3. Dashboard and Konfabulator: Apple disclosed Dashboard and Konfabulator in its Information Disclosures, although it did not explain the relevance of those disclosures to the patent examiner. [2] According to Macworld Magazine, Dashboard is an Apple software product that was demonstrated by Steve Jobs on June 28, 2004, more than one year prior to U.S. Provisional Patent Application No. 60/730,956, filed October 27, 2005. [8] That demonstration showed widgets accessing the web, which means that widgets in 2004 were doing essentially what the W3C Widgets Access Request Policy ["WARP"] Candidate Recommendation describes today. Dashboard was a part of Apple's operating system, Mac OS X Tiger, for which third parties had written Konfabulator, "a JavaScript runtime engine for Mac OS X that lets you run files called Widgets." A Blogpost on June 29, 2004, described an argument between Apple and the authors of Konfabulator disputing which of them actually created these features first.

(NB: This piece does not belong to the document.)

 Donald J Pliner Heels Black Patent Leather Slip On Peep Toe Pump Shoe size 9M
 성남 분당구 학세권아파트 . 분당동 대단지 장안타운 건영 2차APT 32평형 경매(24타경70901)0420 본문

Although portions of this PAG analysis were drafted by attorneys following review of the facts, none of the authors is your attorney. No part of this report is intended as legal advice either to W3C or to its members. It is intended merely as a summary of what the PAG has learned to date. Rely on this report entirely at your own risk. However, nothing should prevent even an attorney from expressing his or her personal opinions, and so this analysis includes the personal opinions of the authors.
With respect to W3C, the publication of the WARP Candidate Recommendation would not, by itself, be patent infringement of any patents owned by Apple or anyone else. Implementers and distributors of software products, though, are encouraged to read the analysis below, consult with their own attorneys, and form their own conclusions.

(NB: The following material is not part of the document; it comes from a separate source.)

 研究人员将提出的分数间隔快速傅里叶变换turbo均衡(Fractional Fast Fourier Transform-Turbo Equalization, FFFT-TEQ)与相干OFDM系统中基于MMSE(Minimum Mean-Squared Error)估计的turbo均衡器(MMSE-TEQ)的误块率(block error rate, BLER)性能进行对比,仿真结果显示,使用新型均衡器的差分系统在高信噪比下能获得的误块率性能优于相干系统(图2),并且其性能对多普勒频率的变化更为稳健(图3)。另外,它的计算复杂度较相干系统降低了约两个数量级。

THESE RECOMMENDATIONS OF THE PATENT ADVISORY GROUP ARE NOT LEGAL ADVICE. NEITHER W3C NOR ANY OF THE PARTICIPANTS OF THE WIDGET UPDATES PATENT ADVISORY GROUP OR THEIR RESPECTIVE EMPLOYERS TAKES ANY RESPONSIBILITY FOR THE ACCURACY, LEGAL CORRECTNESS OR OTHER FITNESS FOR ANY PURPOSE OF THE INFORMATION PROVIDED IN THIS REPORT. ESPECIALLY, NEITHER W3C NOR ANY OF THE PARTICIPANTS OF THE WIDGET UPDATES PATENT ADVISORY GROUP OR ANY OF THEIR RESPECTIVE EMPLOYERS MAKE ANY REPRESENTATION THAT FOLLOWING THE RECOMMENDATIONS HERE WILL AVOID AN INFRINGEMENT OF THE US PATENT NR. 7,743,336 OR ANY OTHER PATENT MENTIONED IN THE REPORT OR THE PAGE ON PRIOR ART.
[1] Encarta® World English Dictionary[North American Edition] © & (P) 2009 Microsoft Corporation. All rights reserved.
[2] E.g., Guber, John et al., "Dashboard vs. Konfabulator", Jun. 2004, 9 pages.